У няни было приятное лицо с хорошим лбом русской разумницы, природной москвички; природный ум – емкий, отзывчивый – светился в ее живых карих глазах. Ей был присущ теплый народный юмор, и он отражался в ее взоре, в ее улыбке, а речь ее, по-московски цветная, бодрая и разымчивая, была преисполнена живыми, острыми вспышками этого юмора. Пословицы, поговорки, прибаутки не сходили с ее языка. Она мастерица была давать прозвища и так, бывало, окрестит кого-нибудь из прислуги, из хозяйских гостей или наших товарищей, что кличка окажется пришитой навсегда к вороту этого человека.
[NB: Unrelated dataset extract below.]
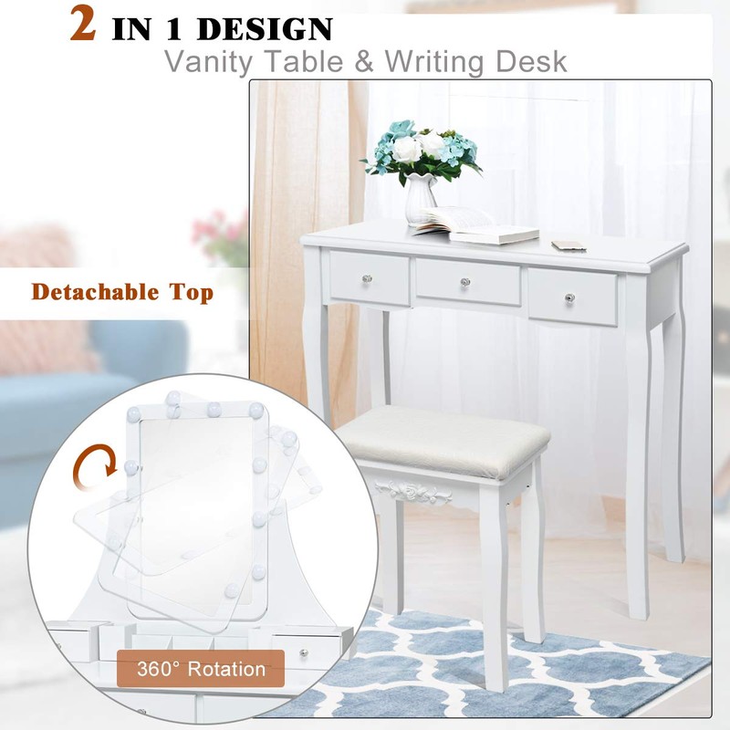 - 【Elegant and Simple Vanity Table Set】: Simple and elegant design with crystal handles and square mirror, this beautiful and practical vanity set is the sturdy furniture of your bedroom, bathroom or hallway. With the removal of mirror top part, the makeup table could be used as a writing or laptop desk.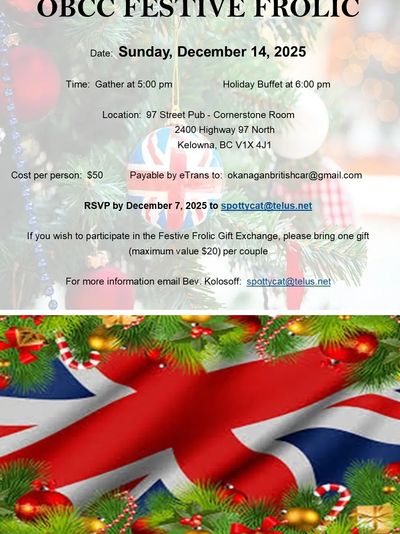 Payable by e-transfer to: okanaganbritishcar@gmail.com

С раннего детства, вслед за няней, привык я поминать на молитве имена ее родителей, но кто были эти «рабы Божии Сергий и Анисия», об упокоении которых я, любя няню, горячо молился, я так и не знаю, знаю только, что няня по «званию» была московская мещанка.
Никакой связи с деревней у ней не было: родители ее не были крепостными, няня родилась, всю жизнь прожила и умерла в Москве. Она рано осталась сиротою, и вместо матери ей была тетушка Елена Демьяновна.
Чудесная старушка эта была вхожа к нам в дом – и все в доме, от отца до прислуги, ее очень любили. За всю жизнь я не встречал другого такого образца прекрасной старости и кроткой старческой красоты. Елена Демьяновна казалась хрупкой и прозрачной, точно из китайского фарфора: тонкие черты лица, легкий матово-нежный румянец по щекам; синеватые глаза, чуть-чуть увлажненные, небольшие ручки в приятной голубой паутинке из жилок. Это ласковое, светлое старческое лицо обрамлял чистенький белый чепец в гофрированной каемке. И от всей Елены Демьяновны – от ее опрятной кофты из синеватой холстинки, от ее белых нарукавничков, от такого же воротничка – веяло неизменной чистотой и тончайшей благопристойностью.